[Dataset excerpts]

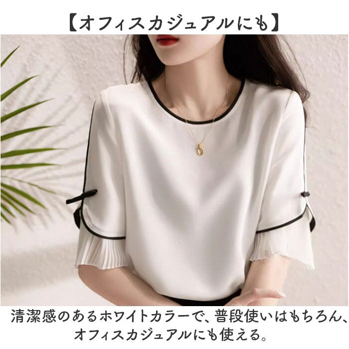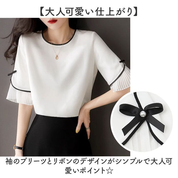 ・袖のプリーツとリボンのデザインがシンプルで大人可愛いポイント☆
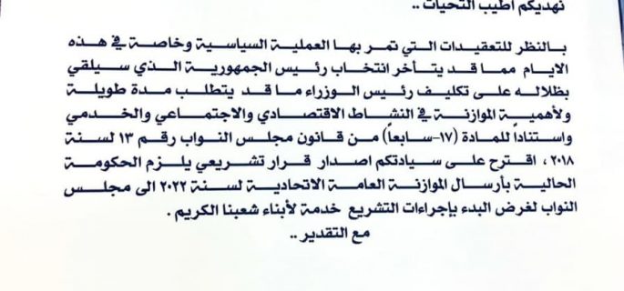 بالوثيقة… اقتراح نيابي بالزام الحكومة لارسال موازنة 2022
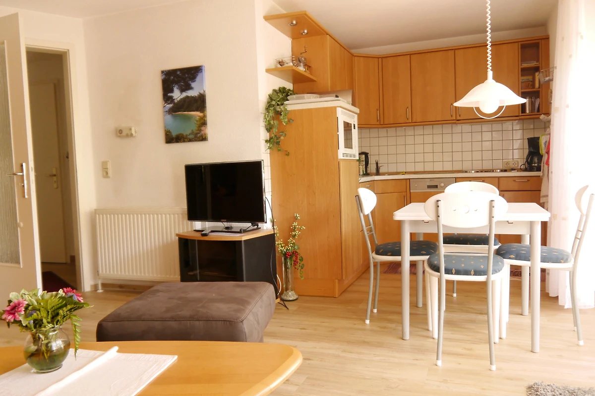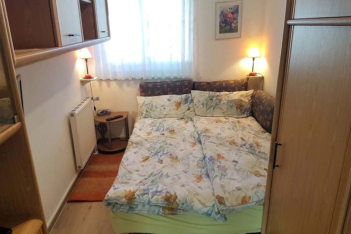Es erwartet Sie Platz für 2-4 Personen in zwei Schlafräumen (1x1 Doppelbett, 1x1 Schlafsofa), ein Wohnbereich mit einer komplett ausgestatteten Küchenzeile, ein Waschtrockner, Bügelbrett, Bügeleisen und ein modernes Badezimmer mit bodentiefer Dusche, WC und Fön. Zur weiteren Einrichtung gehören zwei HD Sat Flat-TV und zwei Stereoanlagen; Telefon und WLAN sind vorhanden. Sämtliche Fenster und die Terassentür sind mit einem Insektenschutz versehen.
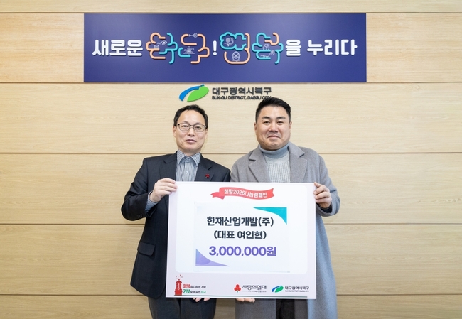 한편, 한재산업개발㈜은 철근·콘크리트 공사를 전문으로 하는 건설업체로, 올해 1월에도 북구청에 성금 300만 원을 기부하는 등 2020년부터 대구 및 고성군 일원에서 후원금 전달과 사회복지시설 봉사활동에 참여하며 지역사회를 위한 지속적인 나눔을 실천하고 있다.
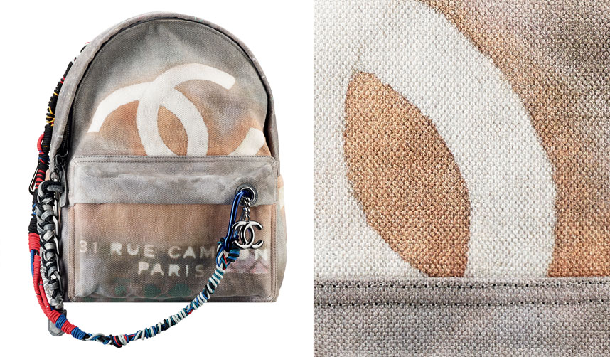 La Backpack tiene una gruesa capa de lino, se necesitan de varias horas de trabajo para realizarla. Cada motivo fue reproducido por un procedimiento específico de impresión que permite la variedad de sombras y efectos de los diferentes colores. Los códigos icónicos como la calidad, las iniciales de metal, la doble C y el logo pintado son recordatorios de la la marca. La etiqueta específica de maletas, tiene un acabado desgastado; la agarradera y la etiqueta del cierre esta hechos de una piel hermosa. Finalmente un listón hecho a mano, entrelazado al gancho de metal, parecido a el amuleto de la buena suerte que usan los adolescentes, agregándole originalidad al backpack.
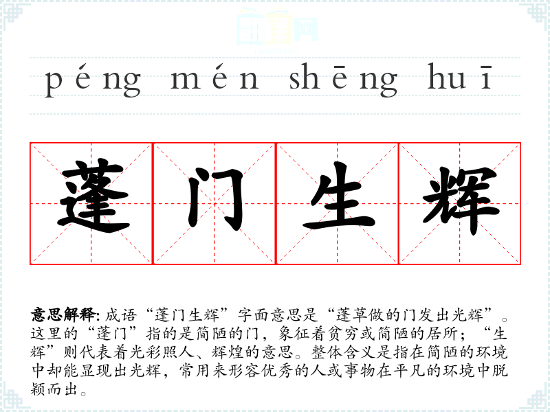 成语“蓬门生辉”字面意思是“蓬草做的门发出光辉”。这里的“蓬门”指的是简陋的门,象征着贫穷或简陋的居所;“生辉”则代表着光彩照人、辉煌的意思。整体含义是指在简陋的环境中却能显现出光辉,常用来形容优秀的人或事物在平凡的环境中脱颖而出。
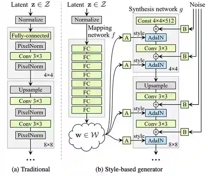 受风格转移文献的推动,NVIDIA团队引入了一种生成器架构,可以通过新颖的方式控制图像合成过程
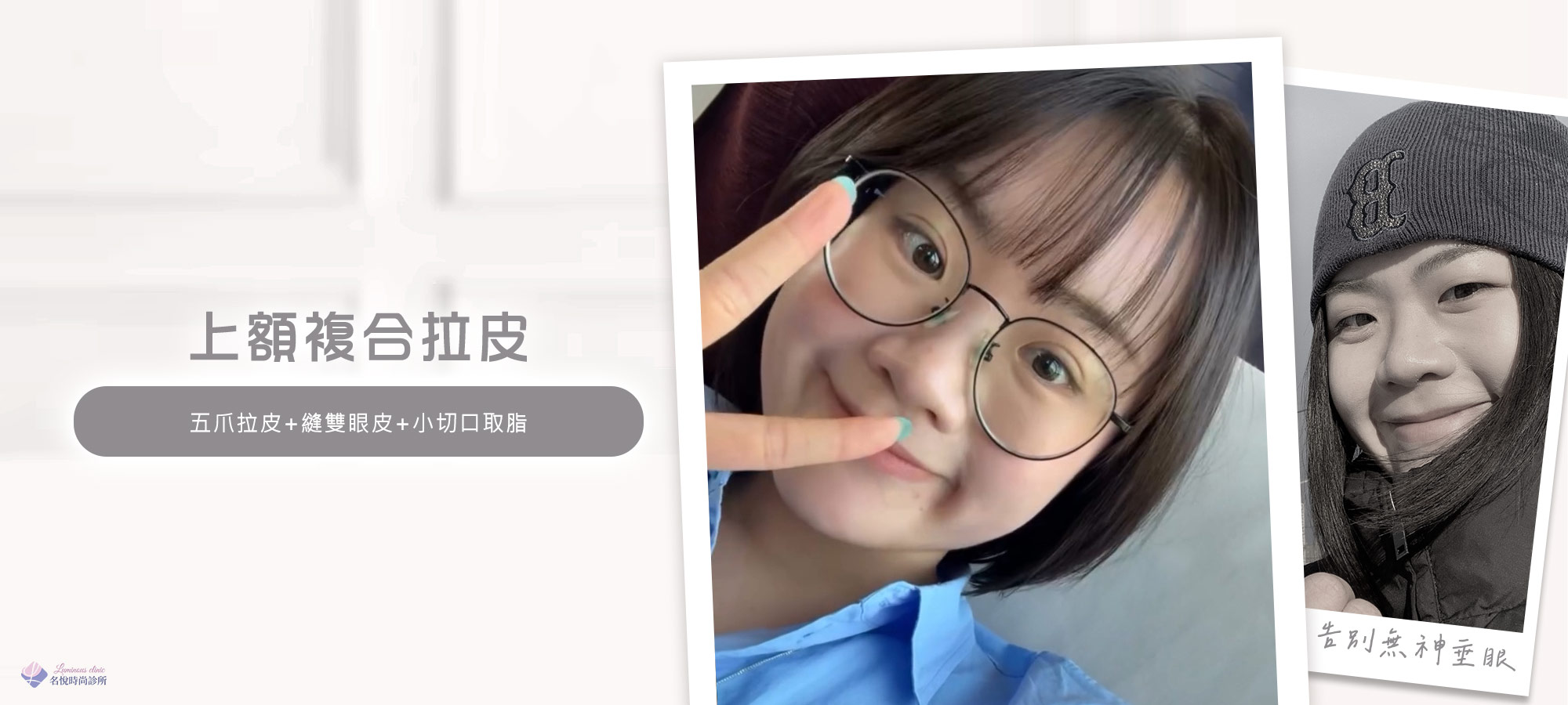 Sunny從學生時期就一直有眼神無神的問題,看起來總是沒精神。看到名悅時尚診所的李京軒醫師雙眼皮案例,心動的直接來找李京軒醫師諮詢,諮詢後決定透過上額拉手術、縫雙眼皮跟小切口取脂,讓眼神跟眼皮變得更加有元氣、更精神!
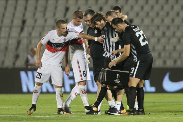 Vezni fudbaler Partizana je sredinom drugog poluvremena prilikom klizećeg starta i duela sa protivničkim fudbalerom ostao da leži na zemlji.
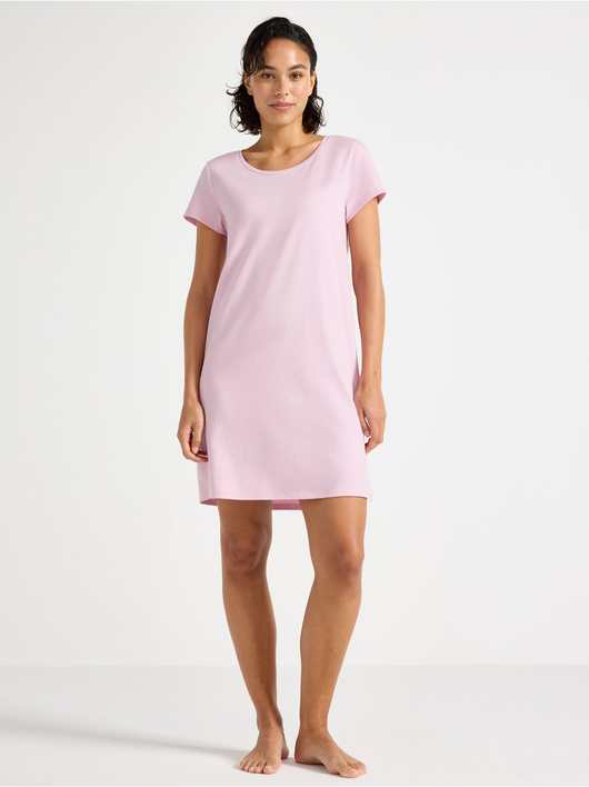 Nightdress with short sleeves and straight fit. This piece is partially made with COOLMAX® fibre. A recycled polyester fibre designed to wick moisture away from the body and keep you dry, cool and comfy during the night.

EXERCISE DESCRIPTION:
Your task is to copy only the lines above starting at the one containing "Es erwartet Sie" and ending at the one containing "한편, 한재산업개발㈜은 철근·콘크리트". Copy them exactly, both ends included, and omit the pictures.

WRITTEN RESPONSE:
Es erwartet Sie Platz für 2-4 Personen in zwei Schlafräumen (1x1 Doppelbett, 1x1 Schlafsofa), ein Wohnbereich mit einer komplett ausgestatteten Küchenzeile, ein Waschtrockner, Bügelbrett, Bügeleisen und ein modernes Badezimmer mit bodentiefer Dusche, WC und Fön. Zur weiteren Einrichtung gehören zwei HD Sat Flat-TV und zwei Stereoanlagen; Telefon und WLAN sind vorhanden. Sämtliche Fenster und die Terassentür sind mit einem Insektenschutz versehen.
 한편, 한재산업개발㈜은 철근·콘크리트 공사를 전문으로 하는 건설업체로, 올해 1월에도 북구청에 성금 300만 원을 기부하는 등 2020년부터 대구 및 고성군 일원에서 후원금 전달과 사회복지시설 봉사활동에 참여하며 지역사회를 위한 지속적인 나눔을 실천하고 있다.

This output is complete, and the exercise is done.